__Work required__
Please output exactly the lines from the one that holds "Красные лепестки темперамент" through the final line of the data, and nothing else; leave out any pictures.

(Source data)
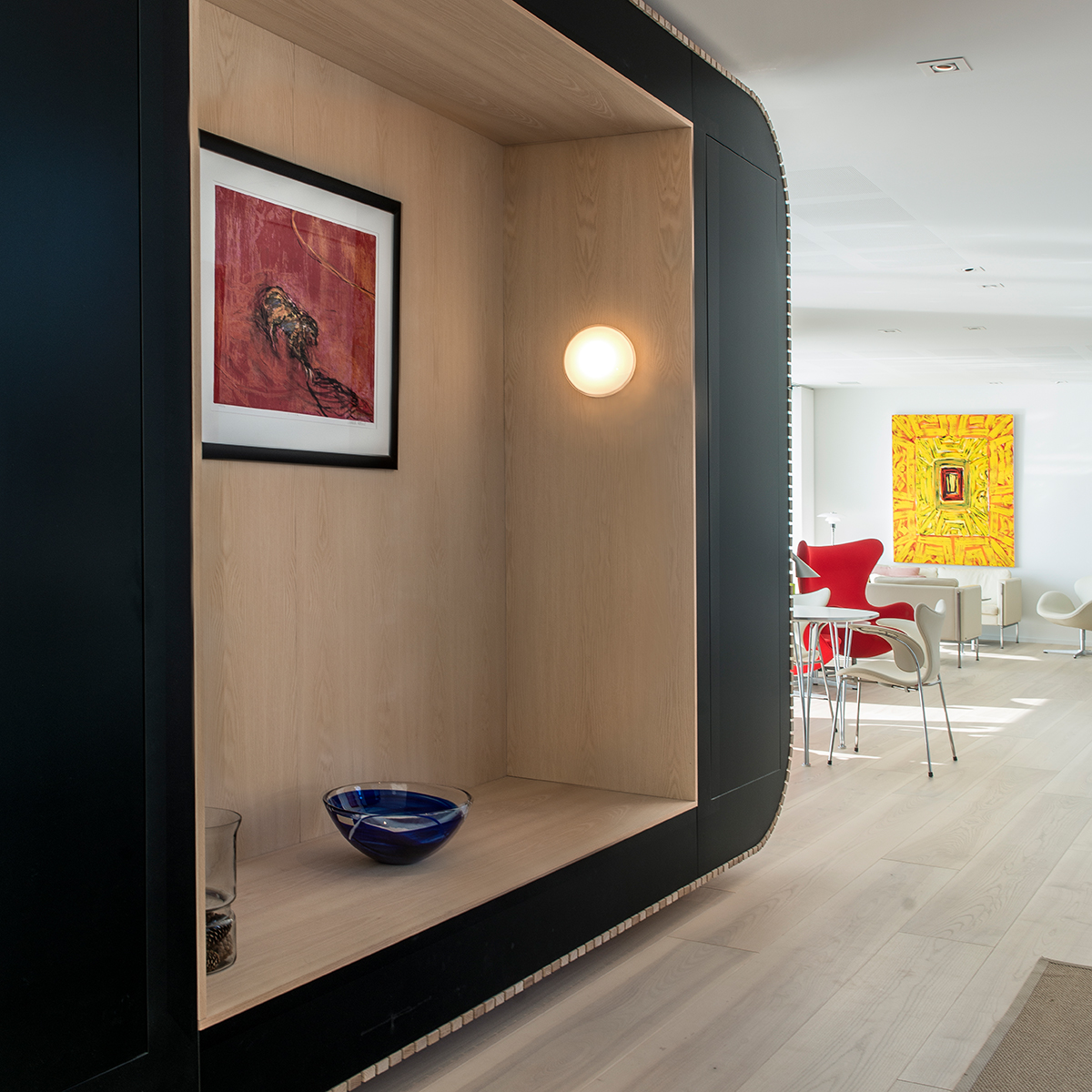 Der Leuchtenschirm der AJ Eklipta LED Wand- und Deckenleuchten besteht aus handgefertigtem, dreischichtigem Opalglas, dessen transparenter Rand einen dekorativen Lichtkreis um die Leuchte erzeugt. Die Helligkeit ist in der Mitte des Glases am stärksten und nimmt zur Außenkante hin sukzessive ab. Maßgefertigte LED-Leuchtmittel mit spezieller Linsenoptik sorgen bei den beiden größeren Versionen der Louis Poulsen AJ Eklipta für eine perfekte Lichtverteilung.
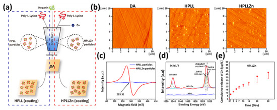 (a) Schematic illustration of the preparation of HPLL and HPLLZn. (b) AFM images of DA, HPLL, and HPLLZn. (c) The EPR spectra of HPLLZn particles used for coating preparation. (d) Zn 2p XPS spectrum of coatings. (e) Quantitative characterization of Zn leaching from HPLLZn (DA, dopamine coating; HPLL, heparin/poly-L-lysine coating; HPLLZn, heparin/poly-L-lysine/Zn coating).
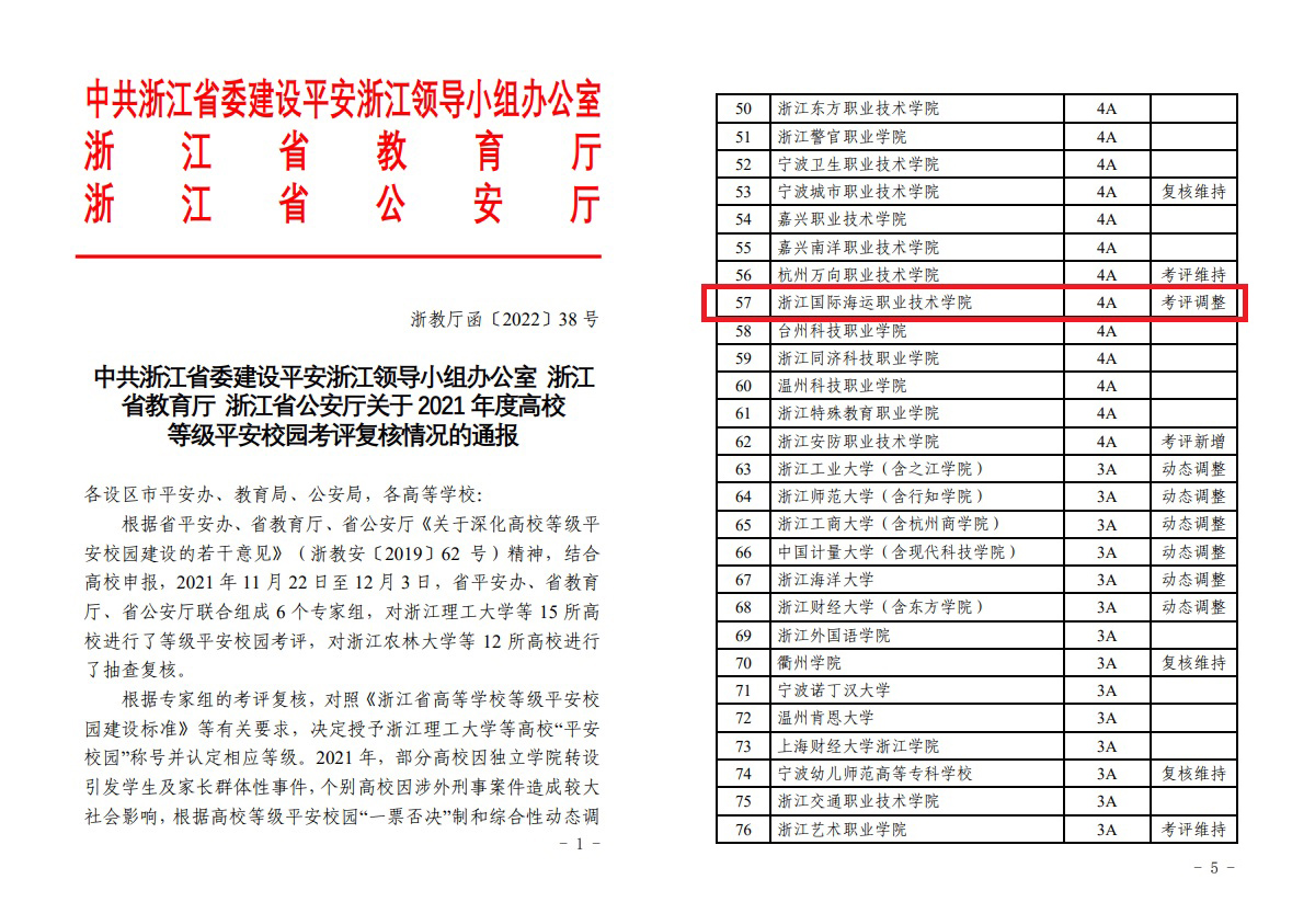 近日,浙江省委建设平安浙江领导小组办公室、省教育厅、省公安厅下发了《关于2021年度高校等级平安校园考评复核情况的通报》,我校顺利通过浙江省高校等级平安校园建设4A等级平安校园认定。
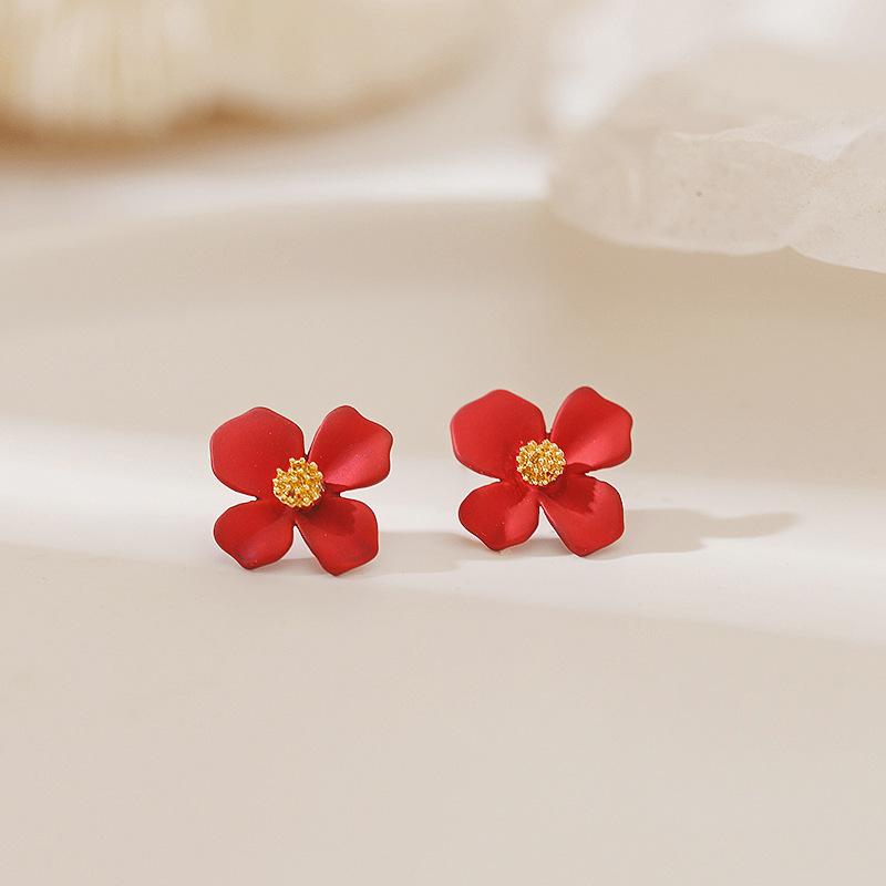Красные лепестки темперамент милые маленькие цветочные серьги-гвоздики женские
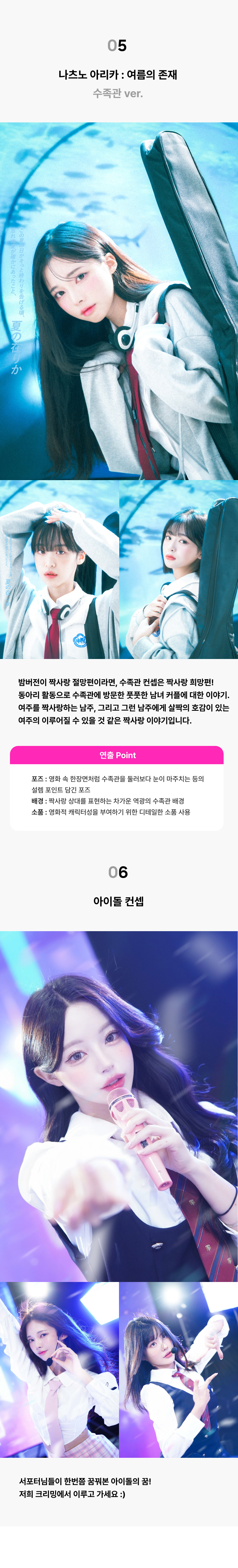 새로운 의상이나 소품, 새로운 세트 개발 등 보다 더욱 더 성장하여 서포터님들께 더욱 더 좋은 추억을 남겨드리기 위해 노력 할 것입니다.
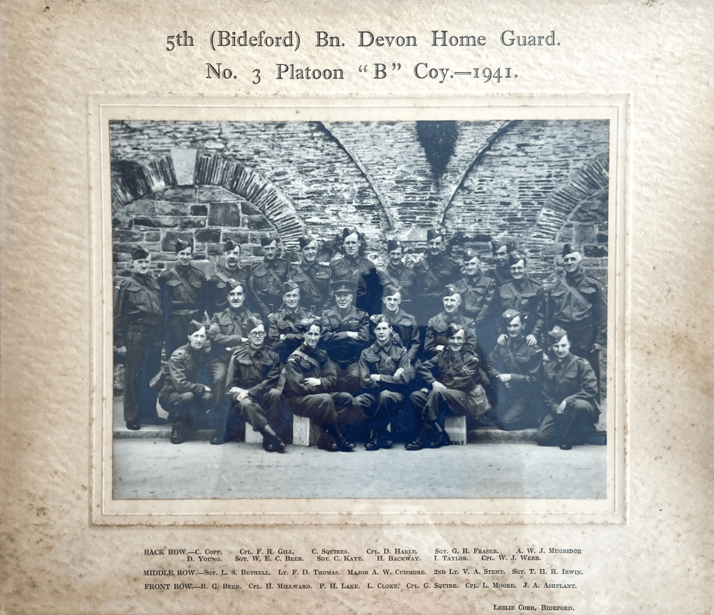 Home Guard and Auxiliary Units : 5th (Bideford) Battalion, Devon Home Guard was formed in May 1940 and affiliated to the Devonshire Regiment whose cap badge they wore. It was made up of platoons of men in reserved occupations and those too old or young to serve in the armed services. They wore army style uniform and were equipped with a few rifles.

__Response to the task__
Красные лепестки темперамент милые маленькие цветочные серьги-гвоздики женские
 새로운 의상이나 소품, 새로운 세트 개발 등 보다 더욱 더 성장하여 서포터님들께 더욱 더 좋은 추억을 남겨드리기 위해 노력 할 것입니다.
 Home Guard and Auxiliary Units : 5th (Bideford) Battalion, Devon Home Guard was formed in May 1940 and affiliated to the Devonshire Regiment whose cap badge they wore. It was made up of platoons of men in reserved occupations and those too old or young to serve in the armed services. They wore army style uniform and were equipped with a few rifles.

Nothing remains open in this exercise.